What if you have a running workload on one end of your hybrid cloud and you want to migrate it (and possibly the data, but that's yet another topic for yet another day) to the other end? Must you have this capability to really qualify for having a hybrid cloud?

Elastic and Bursting

And what about the obsession with words like elasticity and bursting - must these capabilities, however hilarious, be present to qualify for a hybrid cloud?

Multi-leaf hybrid cloud

And what about if you want more than two ends in your hybrid cloud - are you now over qualified? What if I have three flavours of private cloud and six flavours of public, divided into Aristotlian buckets depending on their price, performance, security, sovereignty and any other criteria I care to apply?

Hybrid is the new normal

And lastly, to my main point - cloud is by its very nature undefined (that's a good thing, but not for you Completer Finishers out there), and that means it could be, amongst other things, singular or plural. From where I sit @canopycloud I have yet to meet a customer that wants to use just one cloud leaf node: all customers (no exceptions) do not want to be restricted to one cloud island, they all want their cloud (yes, their cloud, because cloudiness is in the eye of the beholder) to be a hybrid of many clouds.
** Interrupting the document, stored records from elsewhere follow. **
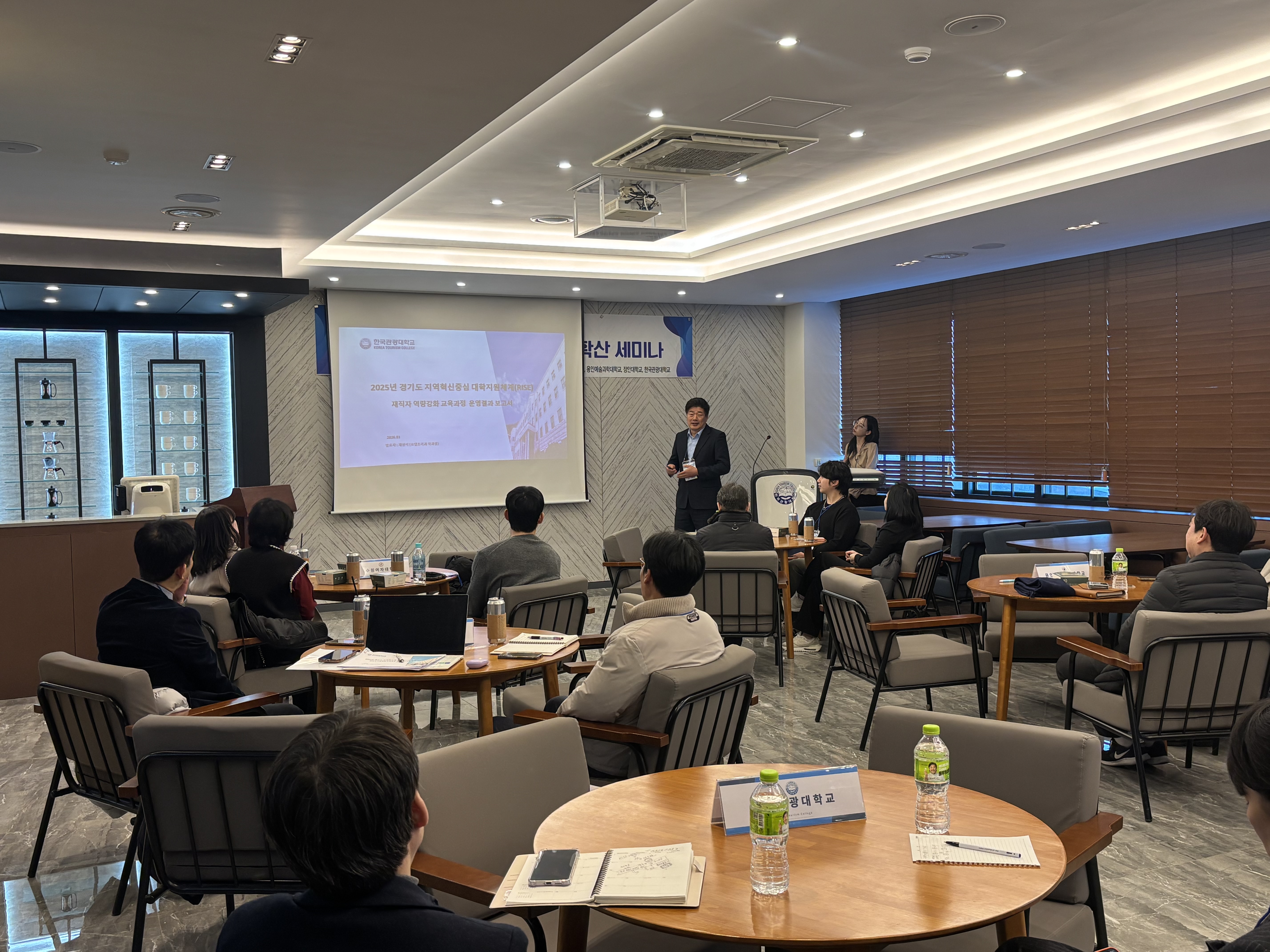 이번 세미나는 경기도 RISE사업(지역혁신중심 대학지원체계)의 일환으로 추진되었으며, 재직자 역량강화 프로그램 운영 성과를 공유하고 지역–대학–산업체 간 협력 성과를 체계적으로 확산하기 위해 마련되었다.
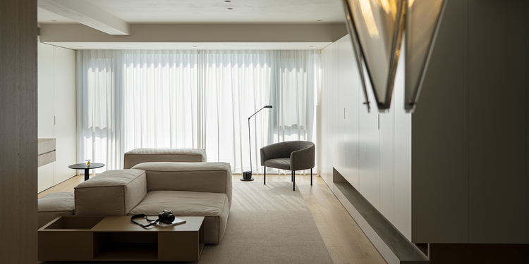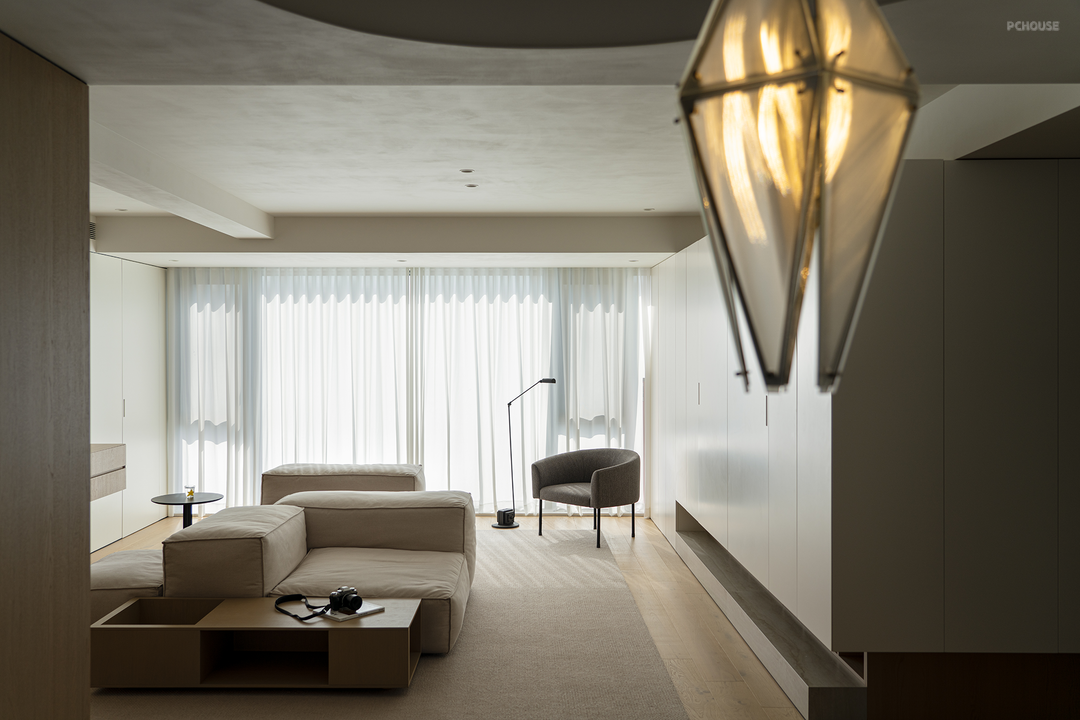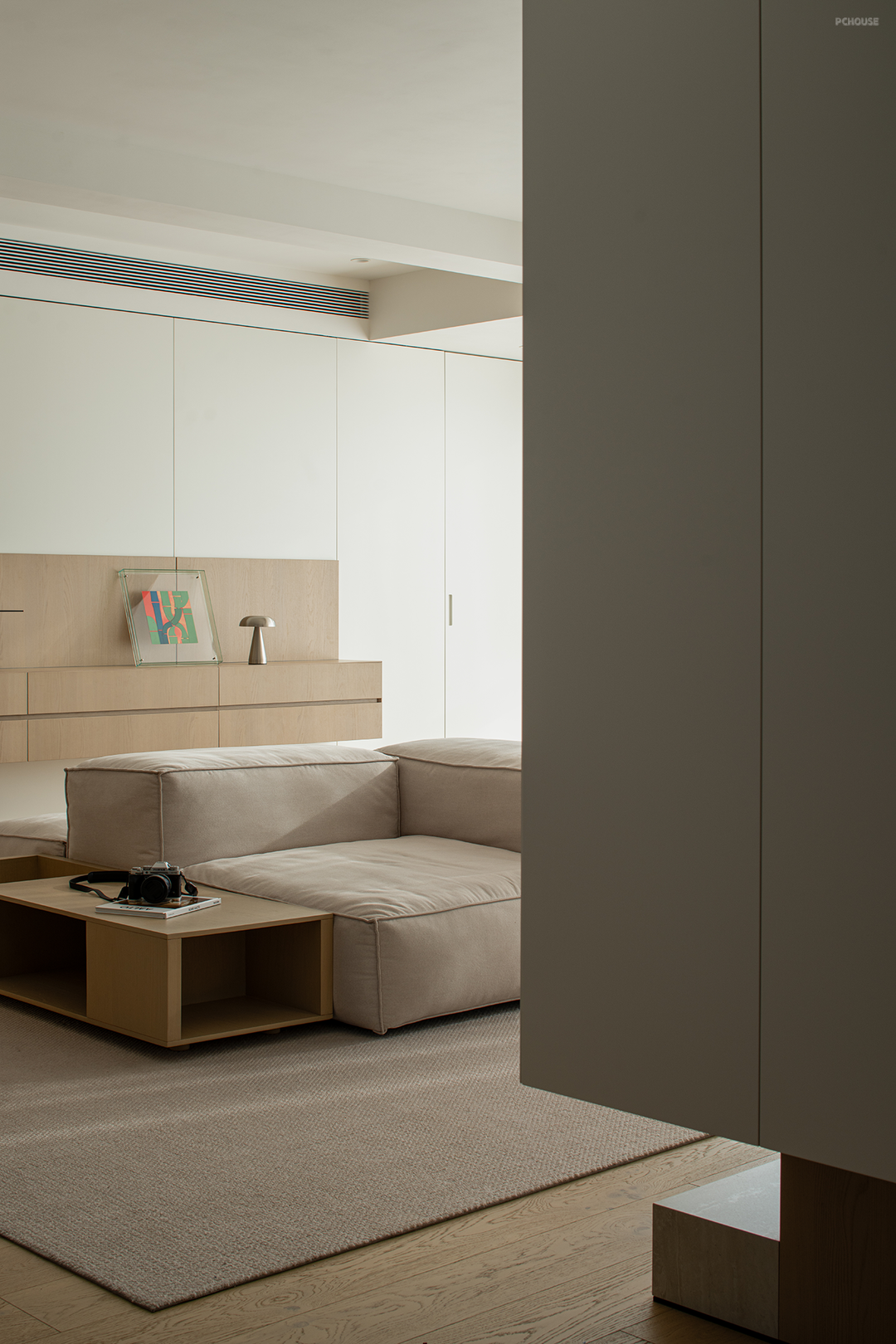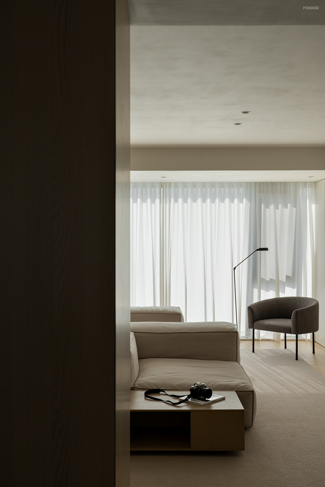 不止一味追求极简形式,结合人的动态轨迹、生活色彩与个性喜好,让空间成为内心世界的另一重映射。借助自然光,调和浓淡的层次感,更温暖,也更纯粹。
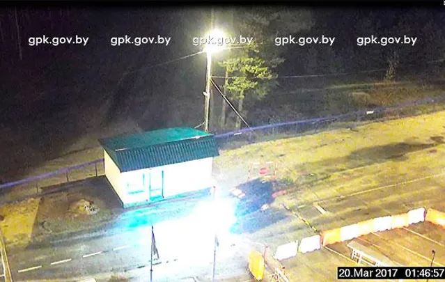 Автомобиль разбил шлагбаум на белорусской стороне, проехал через средство принудительной остановки и пытался прорваться дальше. Это зафиксировала камера видеонаблюдения в пункте пропуска.
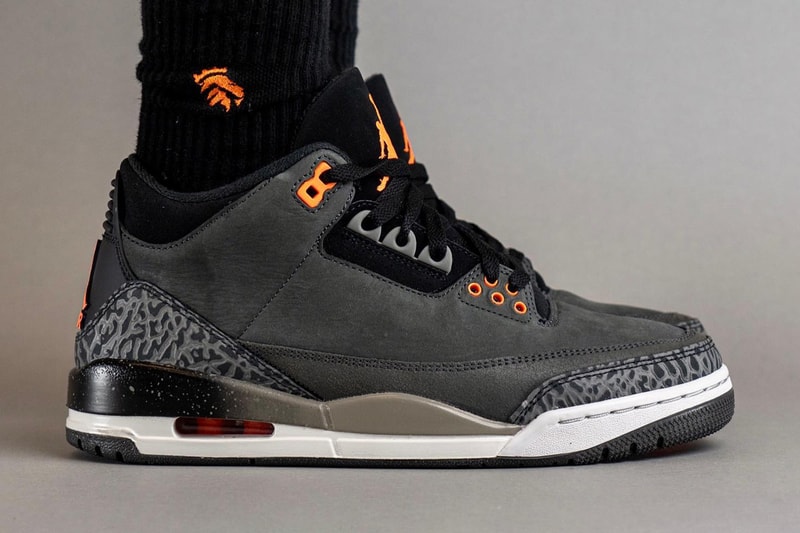 Update: After popping up last week, the YankeeKicks team has treated us to an on-foot breakdown of the Air Jordan 3 "Fear." With one-third of the pack revealed to be returning, we await news of the possible return of the AJ4 and AJ5 iterations. Release remains expected for November 25 at a price of $200 USD. View this post on Instagram A post shared by YankeeKicks ™️ (@yankeekicks)Original Story: Throughout this century, Jordan Brand has kept its eyes fixed on not only the future, but the past and present as well. Innovation remains crucial to the division, leading to new silhouettes such as the recently announced Air Jordan 38. However, it also remains focused on celebrating its heritage. In January, rumors of the "Fear" colorway of the Air Jordan 3 returning to the market hit the net. Now, ten years after its debut, a first look at the remake has popped up.As expected, this faithful reproduction of the pair sees various grays spread throughout the upper with "Total Orange" accents sprinkled in. Elephant print touches down at the toe and heel while leather and suede go back and forth at the upper. Black detailing joins in at the collar, eyestay, laces and sole unit while the aforementioned orange dresses several eyelets and the Jumpman logos found at the tongue and heel.While Nike has yet to disclose any details regarding the long-awaited return of the Air Jordan 3 "Fear," rumors are pointing towards a release date of November 25. Look for it to land on shelves via Nike SNKRS and select retailers at a price of $200 USD in a complete family size range. View this post on Instagram A post shared by ?? OpTic CH3F (@masterchefian)For more of the latest news from the footwear industry, "Brilliant Orange" is touching down on the Air Jordan 12 to celebrate the 2023 WNBA All-Star Game. Click here to view full gallery at Hypebeast
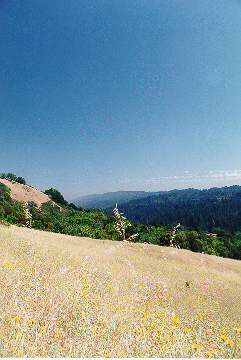 Looking south, down the San Andreas rift, from the west slope of Black Mountain, the high (2800'+) peak behind Palo Alto. It was a punishingly hot August day.
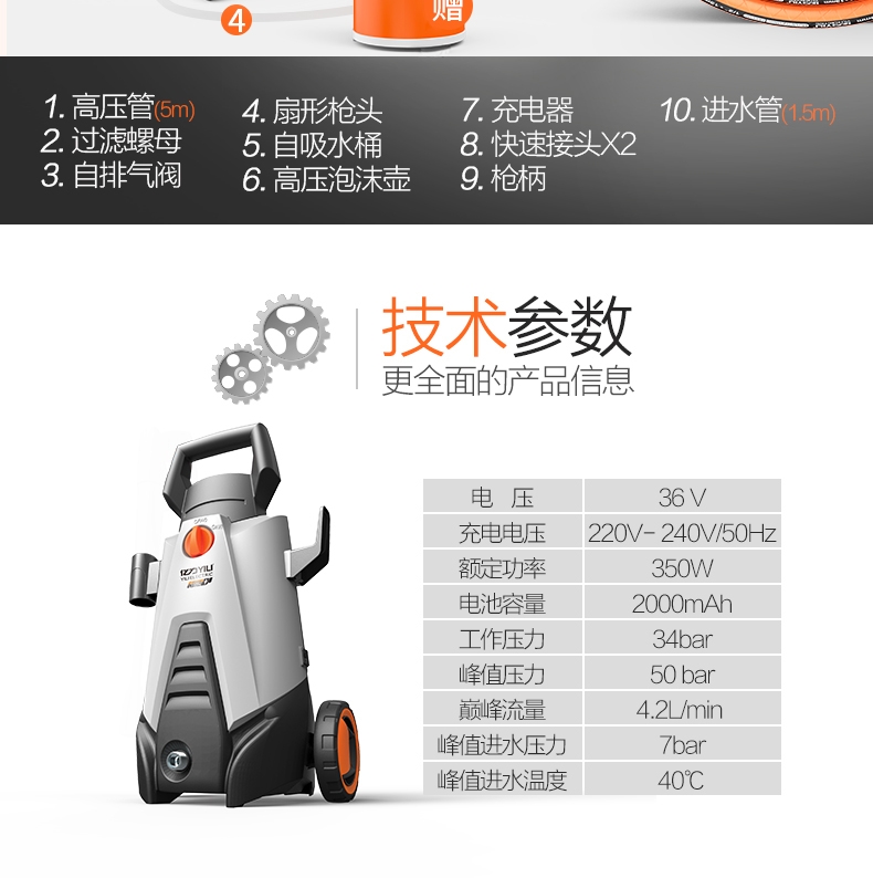 亿力自助型感应电机家用220v洗车店高压洗车机洗车器便携洗车泵
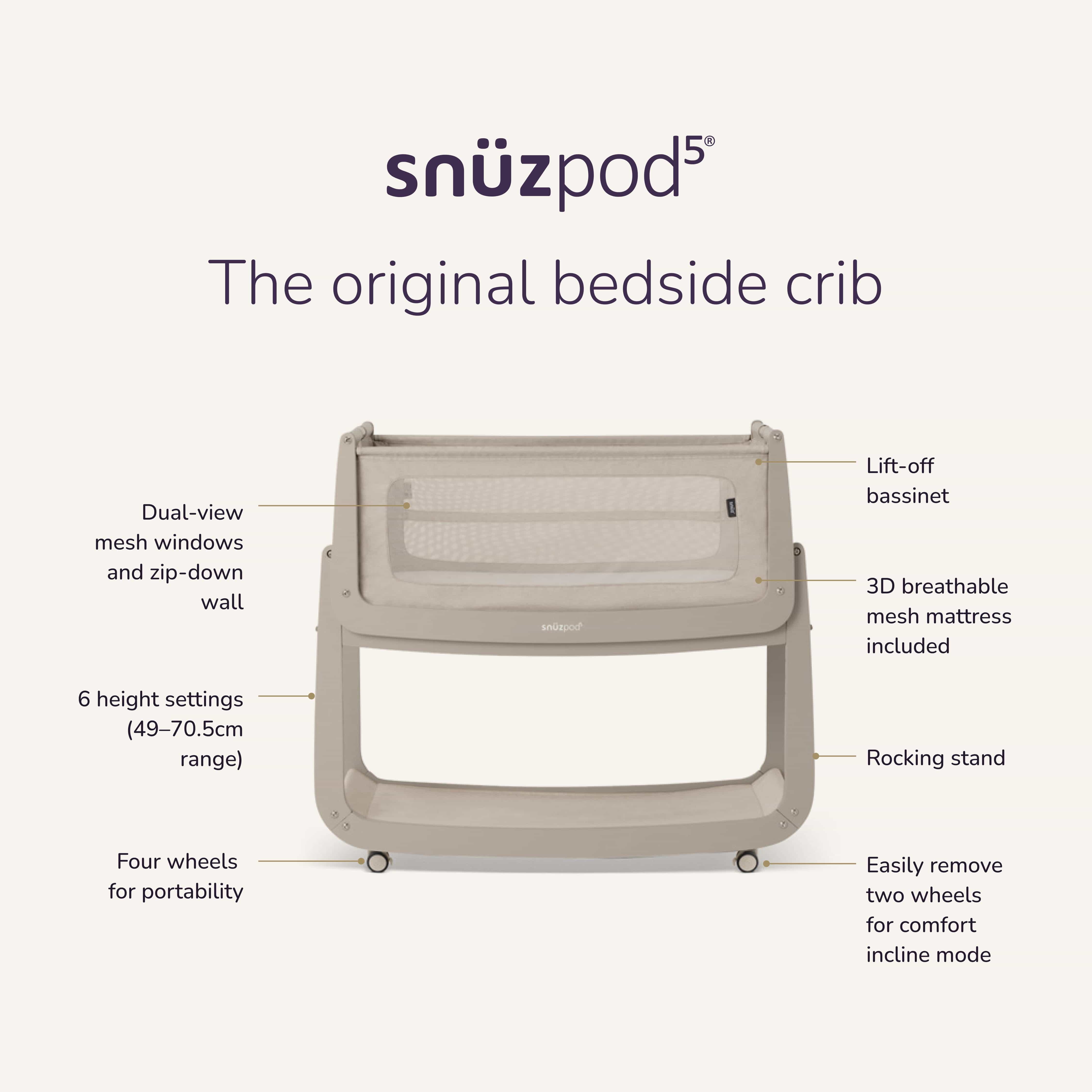 • Included: Breathable mattress certified and the perfect fit for SnuzPod5.
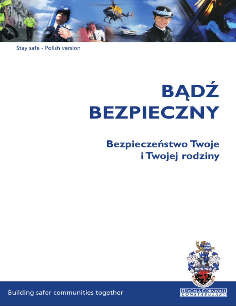 Stay safe - Polish version BĄDŹ BEZPIECZNY Bezpieczeństwo Twoje i Twojej rodziny Building safer communities together BEZPIECZNE MIESZKANIE Wszyscy chcemy czuć się bezpiecznie we własnym domu. Oto kilka prostych, praktycznych wskazówek, które zagwarantują Ci poczucie bezpieczeństwa. Sprawdź drzwi i zamki Drzwi należy wyposażyć w dobre zamki. Mocuje się je zazwyczaj na wysokości jednej trzeciej od szczytu drzwi oraz na wysokości jednej trzeciej od dołu. Aby zapewnić maksymalne zabezpieczenie zawsze zamykaj drzwi na oba zamki. Zainstaluj w drzwiach łańcuch i wizjer. Korzystaj z nich, zanim otworzysz drzwi, aby upewnić się, kto za nimi stoi. Zabezpiecz okna przy użyciu zapadek Włamywacze często dostają się do domu przez otwarte okna.Wychodząc z domu nie zapominaj o zamknięciu wszystkich okien. Można także zainstalować specjalne blokady i zapadki, aby uniemożliwić włamywaczom zbicie szyby i otworzenie okna od środka. Okna mieszkań w blokach są wyposażone w zapadki zabezpieczające. Zapadki można zwolnić, aby umyć okna, ale należy je zawsze z powrotem zamocować. Porady w tej sprawie można uzyskać w lokalnym wydziale mieszkaniowym. Dbaj o dobry stan budynku W trosce o bezpieczeństwo mieszkańców należy zgłaszać wszystkie przypadki uszkodzonych lub rozbitych lamp i dopilnowywać, aby zostały naprawione. Informuj dozorcę o uszkodzonym mieniu lub zauważonych przypadkach wandalizmu po to, aby można było zawiadomić policję i nie dopuścić do nasilenia się problemu. Zawsze zamykaj drzwi pożarowe Drzwi pożarowe uniemożliwiają rozprzestrzenianie się ognia i powinny być przez cały czas zamknięte.W blokach mieszkalnych z tylnych drzwi pożarowych wolno korzystać wyłącznie w nagłych wypadkach. Drzwi pożarowe uniemożliwiają także osobom niepowołanym wejście do budynku bez wiedzy dozorcy. Korzystaj z domofonu w bezpieczny sposób Mieszkania w blokach są często wyposażone w domofony w celu uniemożliwienia wstępu do budynku osobom niepowołanym. • Zawsze żądaj okazania dowodu tożsamości od nieznajomych osób, zanim wpuścisz je do mieszkania.W razie wątpliwości nie wpuszczaj ich do domu. • Nie wpuszczaj osób dzwoniących na Twój domofon, jeżeli nie przychodzą do Ciebie, nawet jeżeli powiedzą, do kogo idą. Powiedz, aby zadzwoniły do mieszkania, które chcą odwiedzić. • Wchodząc i wychodząc z budynku zawsze zamykaj za sobą drzwi, aby uniemożliwić wstęp osobom niepowołanym. • Jeżeli nie masz telefonu, a chcesz wezwać policję, skontaktuj się z sąsiadem, który zadzwoni pod numer 999. • W nagłych wypadkach spróbuj wezwać pomoc naciskając przycisk alarmowy w windzie. JAK CHRONIĆ SWOJĄ RODZINĘ Przypadki brutalnych napaści są na szczęście rzadkie.Warto jednak pamiętać o kilku podstawowych zasadach, które zapewnią Tobie i Twojej rodzinie bezpieczeństwo w domu i na ulicy. W domu Zadbaj o odpowiednie zabezpieczenia mieszkania. Zawsze zamykaj drzwi i okna. Jeżeli po powrocie do domu zaobserwujesz ślady włamania - nie wchodź do środka, ponieważ włamywacz możne nadal tam przebywać. Natychmiast wezwij policję. Czekaj na przybycie policji przed budynkiem. Jeśli w Twoim bloku jest dozorca lub pracownik ochrony poproś go aby wezwał policję. Bezpieczeństwo poza domem • Bądź czujny i zwracaj uwagę na to, co się wokół ciebie dzieje. • Nigdy nie chodź na skróty nieoświetlonymi bocznymi uliczkami lub przez odludne okolice. • Idąc zawsze bądź zwrócony przodem w kierunku ruchu ulicznego, aby nie mógł niespodziewanie zatrzymać się za tobą żaden samochód. • Jeżeli zatrzyma się koło ciebie podejrzany samochód, krzycz wzywając pomocy i uciekaj w przeciwnym kierunku. • Nie akceptuj propozycji podwiezienia ze strony nieznajomych osób; nie korzystaj z „okazji”. • Pozakrywaj kosztowną biżuterię. • Torebkę trzymaj przy sobie, tak aby zamknięcie było blisko ciała – jeżeli ktoś ją schwyci, puść ją, gdyż w przeciwnym razie możesz doznać obrażeń. Klucze do mieszkania trzymaj w kieszeni. • Jeżeli wydaje ci się, że ktoś za tobą idzie, przejdź dla pewności na drugą stronę ulicy. Jeżeli rzeczywiście ktoś za tobą idzie pobiegnij do najbliższego miejsca, w którym przebywają inni ludzie i wezwij policję. Jak mężczyźni mogą pomóc kobietom Mężczyźni mogą czasem w sposób nieświadomy i niezamierzony wzbudzić niepokój kobiet. Kobiety mogą czuć się niepewnie, gdy znajdą się gdzieś same, szczególnie po zmierzchu, w odludnym miejscu lub w zamkniętej przestrzeni (np. w autobusie czy pociągu).W takich sytuacjach mężczyźni powinni postępować w następujący sposób: • idąc w tym samym kierunku co kobieta, nie idź za nią, żeby jej nie przestraszyć; przejdź na drugą stronę ulicy, aby ją uspokoić; • nie zagaduj kobiety czekającej na autobus na odludnym przystanku; ona nie wie, jakie są Twoje intencje; • pamiętaj, że kobieta może czuć się zagrożona nawet przez sposób, w jaki na nią spoglądasz, gdy wydaje Ci się atrakcyjna. Mężczyźni powinni odprowadzać znajome kobiety do domu. Przed rozstaniem mężczyzna powinien zaczekać, aż kobieta znajdzie się w środku. Jak postępować w razie napadu Zastanów się nad tym, jak byś postąpił(a) w razie napadu. Możesz próbować się bronić lub iść na rękę napastnikom i czekać na okazję do ucieczki. Gdy ktoś Cię atakuje krzycz, wzywając pomocy. Jeżeli padniesz ofiarą napadu lub napaści seksualnej natychmiast wezwij policję. Bardzo często sprawcą jest osoba znana ofierze. Napaść stanowi bardzo poważne przestępstwo niezależnie od tego, czy sprawca znany był ofierze. Po napaści staraj się nie myć ani nie kąpać, dopóki lekarz policyjny nie dokona obdukcji. Jeżeli się umyjesz, zniszczysz istotne materiały dowodowe. Jeżeli sprawcą przemocy jest członek rodziny, sąd może udzielić ofierze pomocy, nawet je
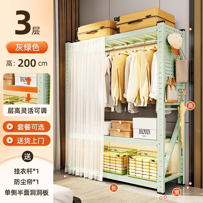 • 그레이 그린 조합 모델: 전체 길이 180*깊이 50*높이 200cm [전면 타공판 + 방진 커튼*1+옷장레일*3 포함]
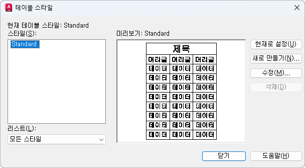 스타일 리스트에서 선택된 테이블 스타일을 삭제합니다. 도면에서 사용 중인 스타일을 삭제할 수 없습니다.

And if everyone wants the same thing, and that thing becomes ubiquitous, the new normal, then there's no need to give it a special name anymore. All clouds can be plural, can be composite, and can be hybrid. There's no special magic anymore, it's a Must Have Feature (just depends on how, at the Demand Side - another topic for another day - you implement it).

Is it not the case that if your cloud is singular then it's like a yesterday cloud? If all the cool kids are composing their applications across multiple cloud targets, and the Old Timers are migrating their Cobol apps into clouds, then perhaps the new normal is Hybrid and instead we should drop the Hybrid and start highlighting "Monocloud" as the old normal?